営業・パブリックで培った視点からコーポレート全体の変革へ
日置圭介氏(以下、日置):雨宮さんは1991年に入社された後、現場の営業職や金融システム領域、パブリック領域など事業側で長年にわたり大規模プロジェクトをリードされてきました。財務・経理プロパーではない雨宮さんがCFOおよびコーポレート全体の責任者に就任された背景や、そのご経験がどう活かされているかお聞かせください。
雨宮邦和氏(以下、雨宮):私は入社後、本社の営業スタッフを経て、多様な業種を担当したく自ら希望して山口支店に赴任しました。その後、約16年間にわたり金融システム領域を担当し、直近までパブリックBU(ビジネスユニット)のトップとして中央省庁や行政のDX、マイナンバー関連事業などを率いてきました。前任の藤川(藤川修氏)も金融出身ですし、社長の森田(森田隆之氏)もM&Aなどのバックグラウンドを持っています。私自身も純粋な財務・経理畑の出身ではありません。
今回、副社長 兼 CFO(最高財務責任者)としてコーポレート部門の統括を任された背景には、経営陣から「事業の現場視点と変革の感覚を持って、全社をより広い視野でドライブしてほしい」という意図があるのだと感じています。現在では財務・経理だけでなく、コーポレート機能全体を管轄しています。優秀な部下やスタッフに恵まれているからこそ、私は全体の統括やAI活用による高度化などの変革推進に注力できています。

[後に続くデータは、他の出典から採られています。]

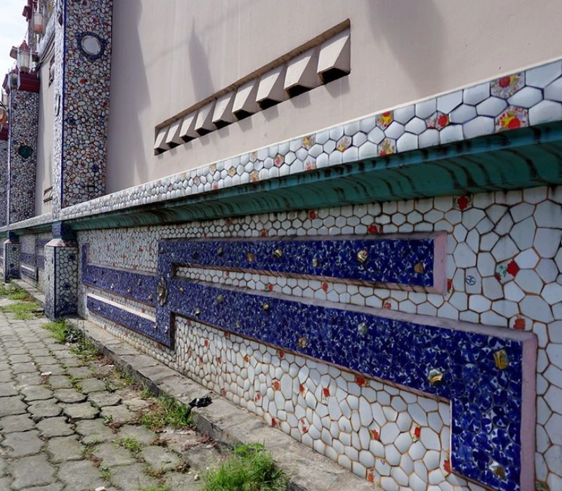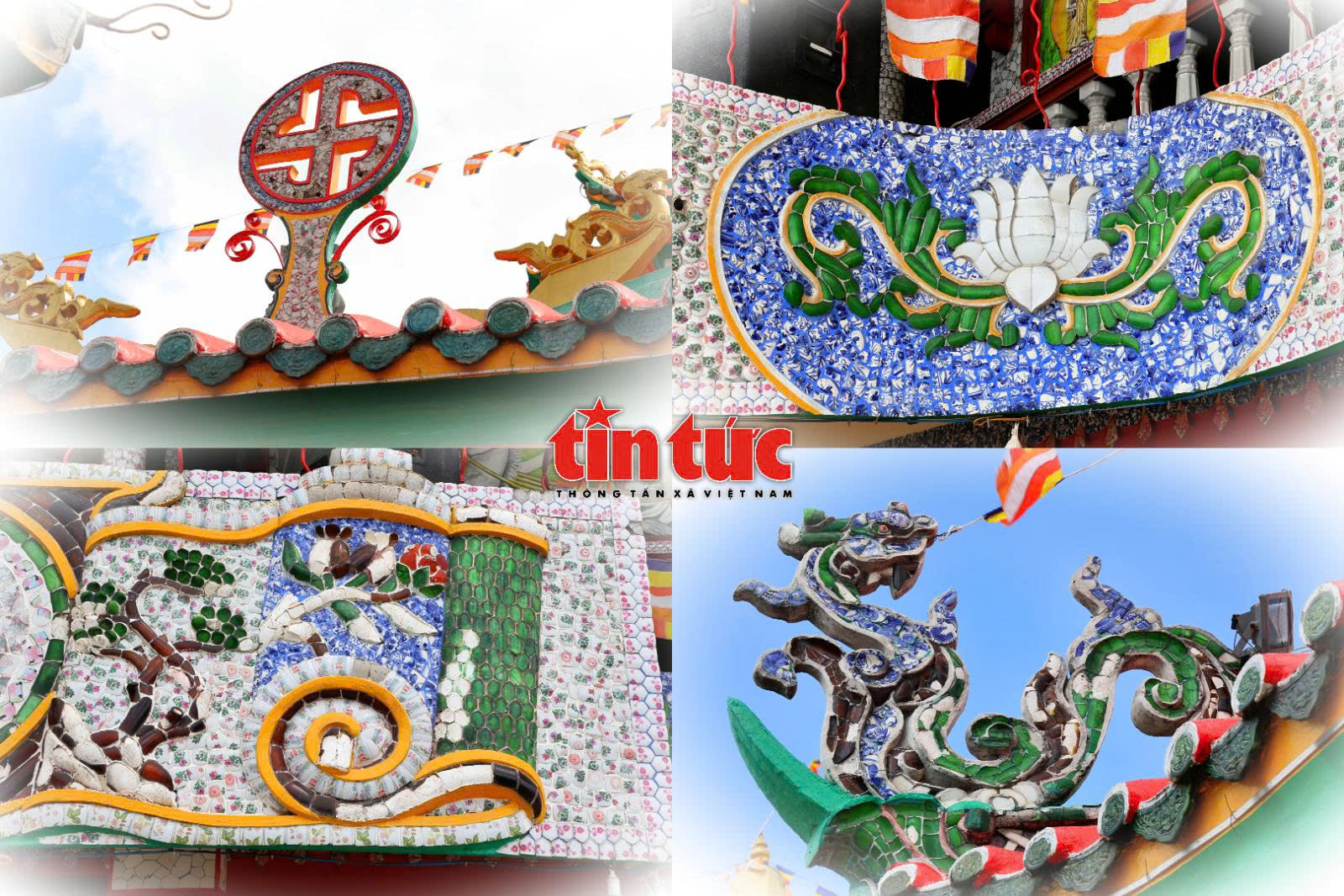 Nhìn từ xa, chùa như một bức tranh rực rỡ sắc màu, với những họa tiết rồng, phượng, hoa sen, cá chép… được đắp nổi sống động và công phu. Mỗi chi tiết đều chứa đựng tâm huyết của các nghệ nhân, thể hiện sự kết hợp hài hòa giữa văn hoá Phật giáo, nghệ thuật trang trí dân gian và tinh thần tiết kiệm, tái chế mang đậm bản sắc Á Đông.

1991年NEC入社。国内支店での営業職を経て、17年間にわたり金融システム領域に携わり大規模プロジェクトを成功に導く。2019年執行役員就任。中央省庁・パブリック領域のビジネスをリードし、マイナンバー関連や行政DXを推進。2026年4月より現職。コーポレート機能全体の責任者として企業価値向上とAI活用による高度化を牽引する。
目標は営業利益倍増──「2030中期経営計画」とキャピタルアロケーションの真意
日置:2026年5月に発表された「2030中期経営計画」では、Non-GAAP営業利益率20%程度や利益の倍増など、非常に高い目標が掲げられています。この新中計の戦略的要点とキャピタルアロケーション(資本配分)の考え方について伺えますか。
雨宮:2025中期経営計画での過去最高益達成を経て、今回の2030中計はこれまでのターンアラウンド(事業再生)のフェーズから完全な「成長」のフェーズへと舵を切るものです。Non-GAAP営業利益を2025年度比で倍増させるという非常に高い目標を設定しています。
戦略の柱は、AIの社会実装を中心とする「ITサービス」と、新たな安全保障の技術実装を中心とする「社会インフラ」の2軸です。従来のSIer(システムインテグレーター)から、自社がゼロ番目の顧客として最先端技術を徹底活用する「クライアント0(ゼロ)」のスタンスへ転換し、構築(SI)だけでなく上流のコンサルティングから下流の運用(オペレーション)までEnd to Endで顧客価値にコミットするビジネスへ移行します。
成長投資についても、2030年度末までに最大1.2兆〜1.3兆円規模の成長投資余力を想定しており、高値掴みをしない厳しい投資基準(Cash ROIC評価など)と規律を持ちながら、積極的なM&Aや成長領域への資本投下を行っていきます。